Source material:
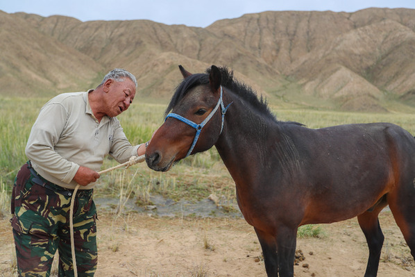 牧民那木德力在草場放馬。記者 馬希平 攝
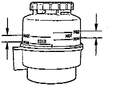 HINT: Check that the fluid level is within the HOT LEVEL range on the reservoir. If the fluid is cold, check that it is within the COLD LEVEL range.
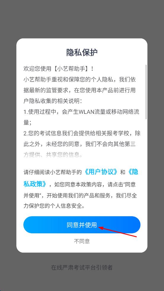 1、打開小藝幫助手APP,會(huì)彈出隱私保護(hù)頁(yè)面,仔細(xì)查看內(nèi)容后,點(diǎn)擊“同意并使用”按鈕,進(jìn)入APP主界面。
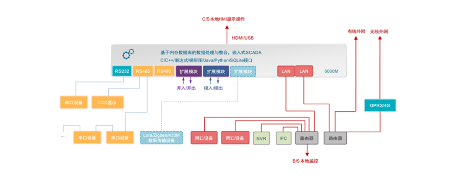 协议与边缘计算功能二次开发能力,支持C/表达式/梯形图/Java/Python应用编程;

Work order: The material above should be returned exactly, without pictures.

Answer to the problem:
 牧民那木德力在草場放馬。記者 馬希平 攝
 HINT: Check that the fluid level is within the HOT LEVEL range on the reservoir. If the fluid is cold, check that it is within the COLD LEVEL range.
 1、打開小藝幫助手APP,會(huì)彈出隱私保護(hù)頁(yè)面,仔細(xì)查看內(nèi)容后,點(diǎn)擊“同意并使用”按鈕,進(jìn)入APP主界面。
 协议与边缘计算功能二次开发能力,支持C/表达式/梯形图/Java/Python应用编程;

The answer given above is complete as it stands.